Abstract

Background: Diarrhoea complicates over half of admissions to hospital with severe acute malnutrition (SAM). World Health Organization (WHO) guidelines for the management of dehydration recommend the use of oral rehydration with ReSoMal (an oral rehydration solution (ORS) for SAM), which has lower sodium (45mmols/l) and higher potassium (40mmols/l) content than old WHO ORS. The composition of ReSoMal was designed specifically to address theoretical risks of sodium overload and potential under-treatment of severe hypokalaemia with rehydration using standard ORS. In African children, severe hyponatraemia at admission is a major risk factor for poor outcome in children with SAM complicated by diarrhoea. We therefore reviewed the evidence for oral rehydration therapy in children with SAM. Methods: We conducted a systematic review of randomised controlled trials (RCTs) on 18 th July 2017 comparing different oral rehydration solutions in severely malnourished children with diarrhoea and dehydration, using standard search terms. The author assessed papers for inclusion. The primary endpoint was frequency of hyponatraemia during rehydration. Results: Six RCTs were identified, all published in English and conducted in low resource settings in Asia. A range of ORS were evaluated in these studies, including old WHO ORS, standard hypo-osmolar WHO ORS and ReSoMal. Hyponatraemia was observed in two trials evaluating ReSoMal, three children developed severe hyponatraemia with one experiencing convulsions.

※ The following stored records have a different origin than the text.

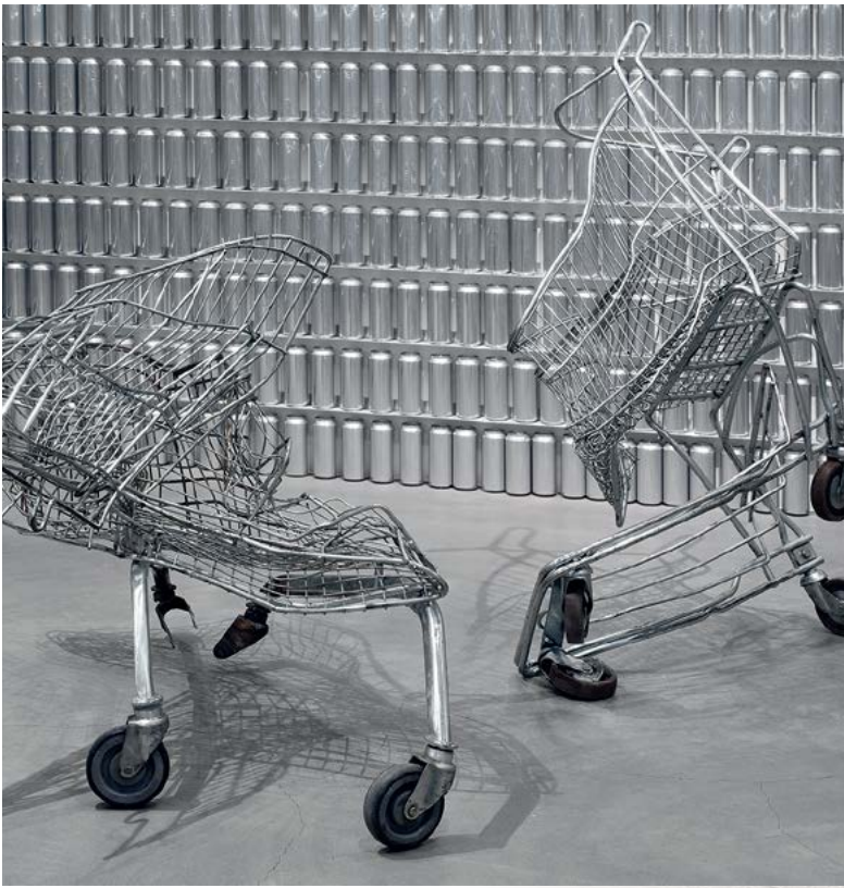
Timo Heino, Addiktio, 2011, vääntyneet ostoskärryt.

TAULUMAINEN TEOS saattaa vaikuttaa maalaukselta, mutta lähemmin tarkasteltuna materiaaleiksi voivat paljastua huonepöly, hiukset tai ampiaispesät.
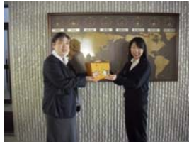
日本航空専門学校様
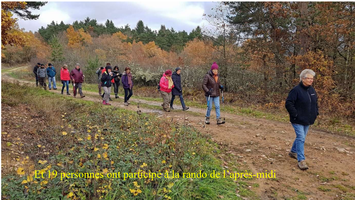
Et 19 personnes ont participé à la rando de l'après-midi
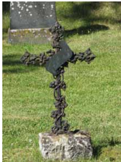
En ovanlig gjutjärnvård, rest 1902 uppställd intill bårhuset (KI Ryssby kyrkog 070)
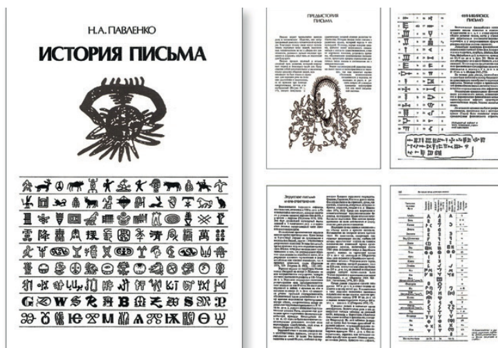
Рис. 5. Научное издание – «История письма». Дизайн – В. И. Шолк. Офсетная печать в 1 краску. Супербложка – печать в 2 краски. Заголовки и подзаголовки – акцидентный авторский антиква-гротеск. Основной текст – ручной набор антиквой на аппарате «IBM composer». 4-х колонная модульная сетка. Расчётный выклейной постраничный макет. 1987 г.
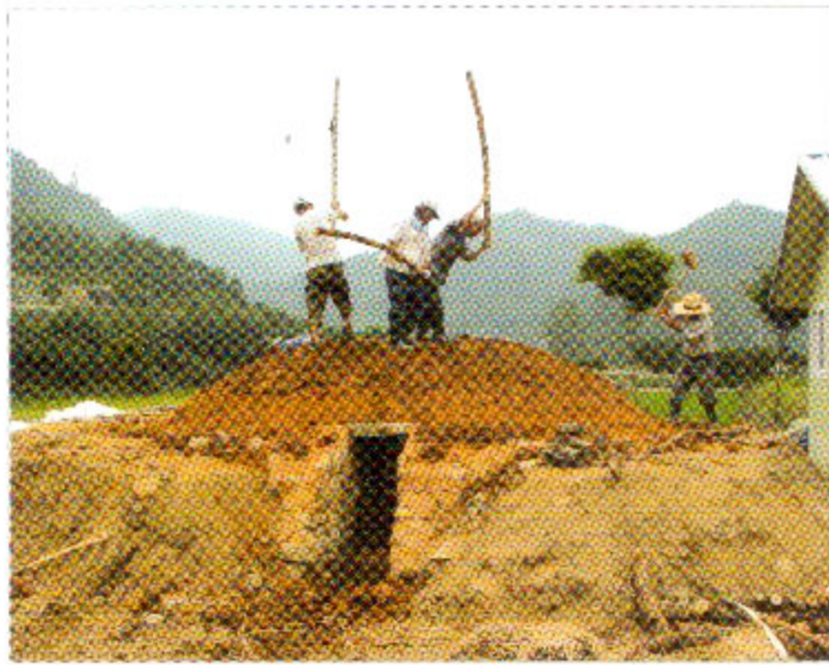
2009년 숲가마 복원과정(인제군 북면 월학리)

“등치기”는 쪽과 진흙을 입힌 숲가마나 지붕을 “메”로 치는 작업 행위이다. 이를테면 숲가마 지붕치기이다.
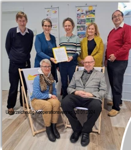
Unterzeichnung Kooperationsvertrag 30.01.2024

Nach der erfolgreichen zweijährigen Erprobungsphase 2021 – 2023 mit fast 100 mobilen Einsätzen an vielen unterschiedlichen Orten rollt das AnsprechBarMobil in die nächste Phase. Das Fahrzeug wurde 2024 gekauft und der Kooperationsvertrag unterzeichnet. Drei Träger zeichnen für die kommenden Jahre verantwortlich, dass das Projekt einer „Geh-Hin-Kirche“, die auf Augenhöhe mit und zu den Menschen unterwegs ist, gut weitergehen kann – offen, vielfältig, niederschwellig, experimentierfreudig und immer mit Kooperationspartnern aus den unterschiedlichsten Feldern unserer Gesellschaft. Wir sind davon überzeugt: Nur im Miteinander und im Dialog werden wir die vielen Herausforderungen der heutigen Zeit meistern können!
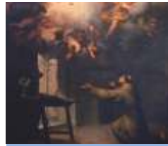
サンアントニオ礼拝堂 Lienzo de la visión de San Antonio, B. E. ムリーリョ 17世紀
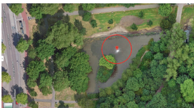
Roodomcirkeld de locatie van de fontein.
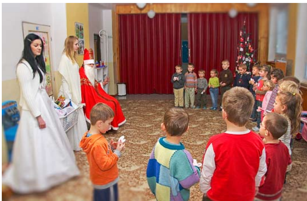
Materská škôlka privítala v decembri Mikuláša. Každý škôlkar sa snažil urobiť čo najlepší dojem a svojimi básničkami si vyslúžiť mikulášsku nádielku a obdiv Mikuláša a jeho anjelov

sv. Mikuláša, Vianočná besiedka a Vianočné trhy v našej škole.
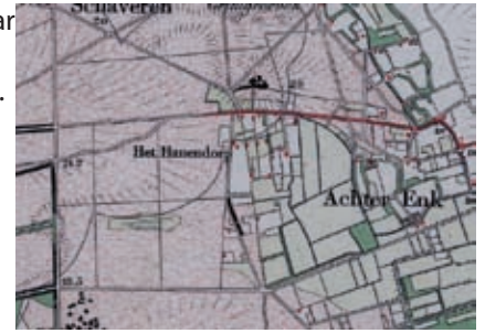
Landschap rond 1900

boerenland gaan maar ook landschappen met elkaar verbinden. Ook allerlei dieren profiteren van een aantrekkelijk landschap.
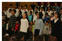
終わりのあいさつ
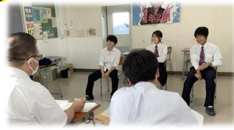
放課後の面接練習の様子

9月14日(木)に3学年の生徒たちに向けて、進路激励会が行われました。生徒たちは、9月16(土)から解禁になった就職試験に向けて、放課後遅くまで学校に残り、面接練習や作文練習などを行っています。緊張している様子も見られますが、試験本番で自分達の出せる力を全て出し切れるように、お互いに励まし合いながら準備を進めてほしいと思います。
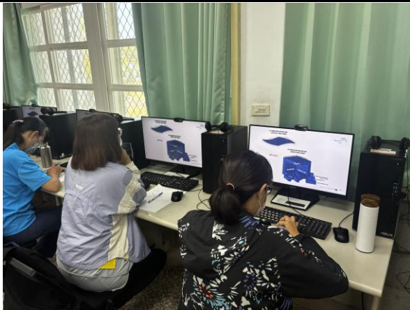
說明：介紹 AI 輔助工具。
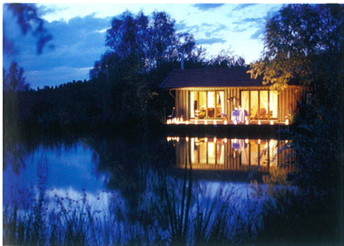
Jeder Gast wohnt im eigenen Haus am See: das „Hofgut Hafnerleiten“ in Bad Birnbach

Im lichten, immer wieder runderneuertem Haus auf der Hügelkuppe des Kurbereichs kann man gut urlaube, je nach Gusto im gemütlichem Landhausstil oder in moderner Möblierung. Manche Doppelzimmer verfügen über eine Schlafgalerie, ein Tipp für Hochzeiter ist die „Honigmond-Suite“ mit Himmelbett, offenem Kamin und freistehender Badewanne. Auf 2500 Quadratmetern findet man Thermalpool, Whirlpool und Beauty, nach Wunsch auch mit Heilkräutern. Im Restaurant gibt es bayerische, österreichische und mediterrane Gerichte, etwa Rehbockrücken mit Pfifferlingsrisotto und Zucchini, in der „Ofenstube“ Regionales wie Rahmschwammerl mit Brezenknödel. Sehr gutes Frühstück mit vielen Produkten aus der Umgebung.
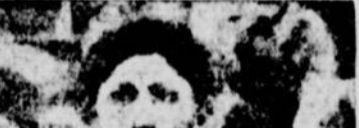
THOMAS LONGBOAT, INDIEN

Les élections du cercle article body text.
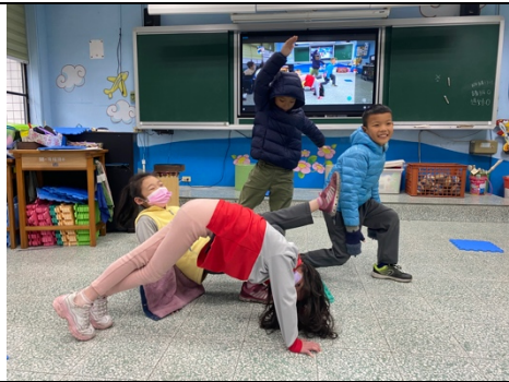
日期：109年10月 說明：小組合作扮演造型樹 ( tree )
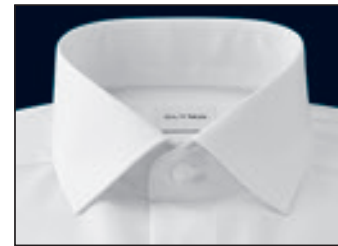
Global Kent Global Kent Global Kent
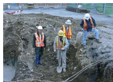
Remblayage et réfection de surfaces
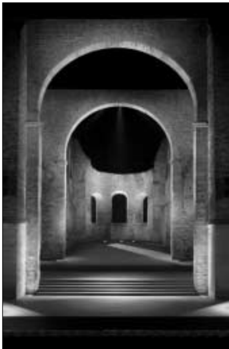
Stiftsruine Bad Hersfeld

Gehen Sie mit mir ein wenig zurück in der deutschen Geschichte, die in dieser Zeit bereits selbstverständlich eine europäische Geschichte war:
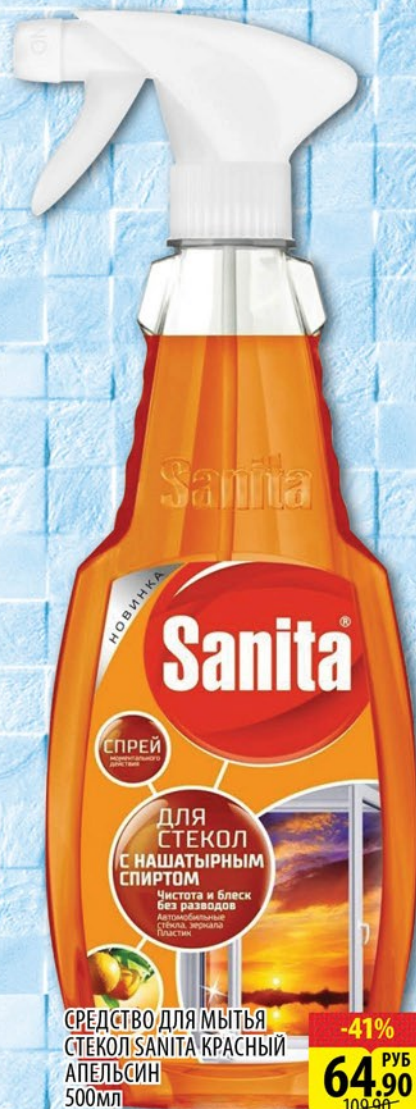
СРЕДСТВО ДЛЯ МЫТЬЯ СТЕКЛА SANITA КРАСНЫЙ АПЕЛЬСИН 500мл
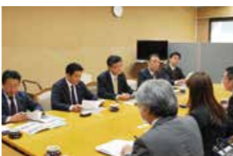
12月6日(水) 公明党議員団の皆様と懇談
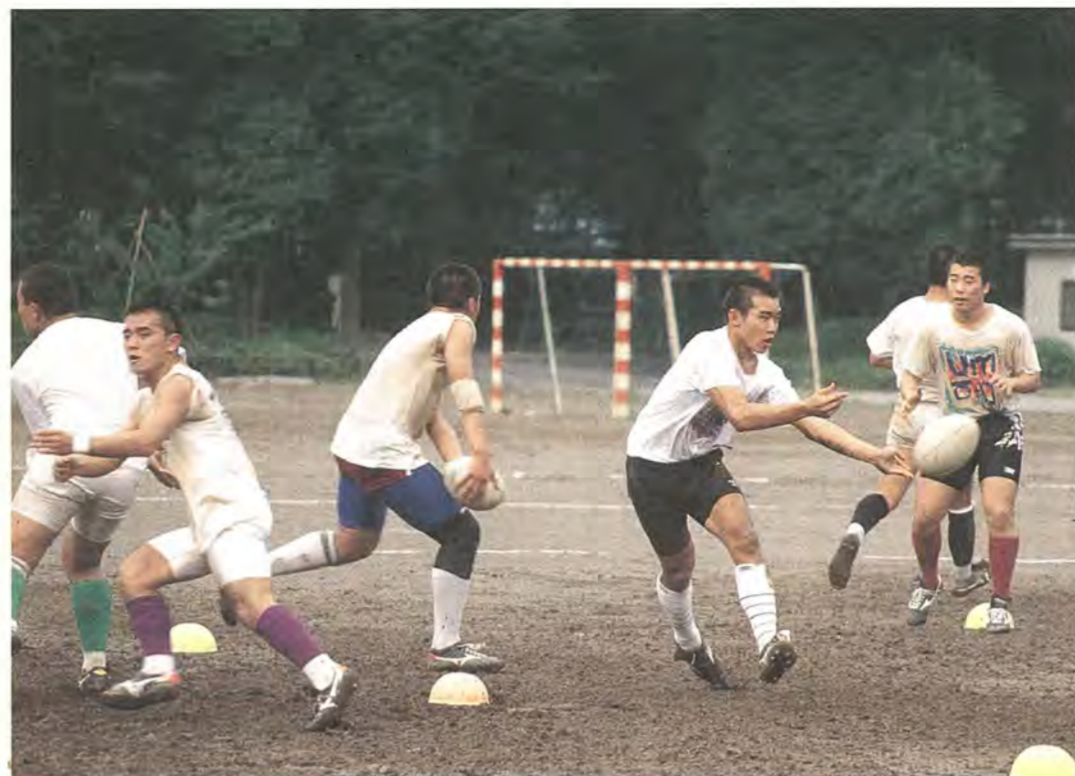
パス練習では目にもとらぬ速さでボールがまわされる

「大きい相手に向かってきたら、先ずは構い、当たってはいかない」とあくまでも勇敢だが、少し伸びたひげに目を凝らすと「相手に威圧感を与えるように」と照れくさそうな答えが返ってきた。
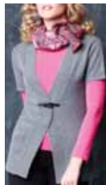
grey melange ctp. 10
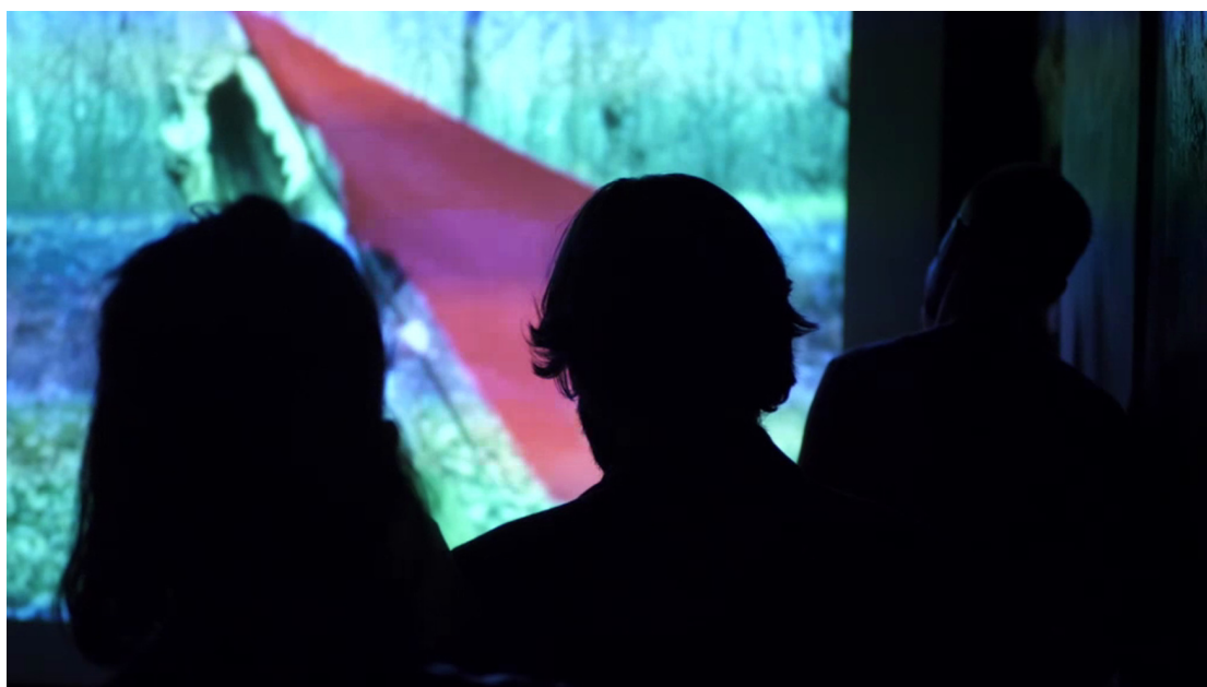
Figura 7. Fotografia dell'installazione di La Bandiera (8mm, 1970) di Sirio Luginbühl: viene evidenziato lo spazio immersivo che avvolge i visitatori, scelta curatoriale permessa dalla versatilità della rimediazione digitale. Sirio Luginbühl: Film sperimentali, Cittadella (PD), 15 aprile-15 luglio 2018.

del periodo: carteggi, cataloghi, programmi di sala, poster, volumi. Materiali come questi, appesi o esposti in bacheca, sono fondamentali sul piano storiografico e il fatto che siano presenti allarga il campo visivo della proposta. Si pensi solo alle grafiche utilizzate. Nel complesso, tali documenti sono essenziali per ricostruire un pezzo di storia del cinema italiano che fino a pochi anni fa è stato negato e rimosso.

Hypo-osmolar ORS was found to have benefits in time to rehydration, reduction of stool output and duration of diarrhoea. No trials reported over-hydration or fatalities. Conclusions: Current WHO guidelines strongly recommend the use of ReSoMal based on low quality of evidence. Studies indicate a significant risk of hyponatraemia on ReSoMal in Asian children, none have been conducted in Africa, where SAM mortality remains high. Further research should be conducted in Africa to evaluate optimal ORS for children with SAM and to generate evidence based, practical guidelines.

Highlights

  • In Africa, diarrhoea has been reported to complicate 49% of admissions to hospital of children with severe acute malnutrition (SAM), and a further 16% develop diarrhoea within 48 hours of admission

  • Six studies were identified that investigated oral rehydration solution (ORS) in children with SAM complicated by dehydration, incorporating a total of 686 children

  • All six of these studies were conducted in Asia, four of which were conducted at the International Centre for Diarrhoeal Disease Research, Bangladesh (ICDDR, B)[18,19,20,21] and two in India (New Delhi[22] and Calcutta23)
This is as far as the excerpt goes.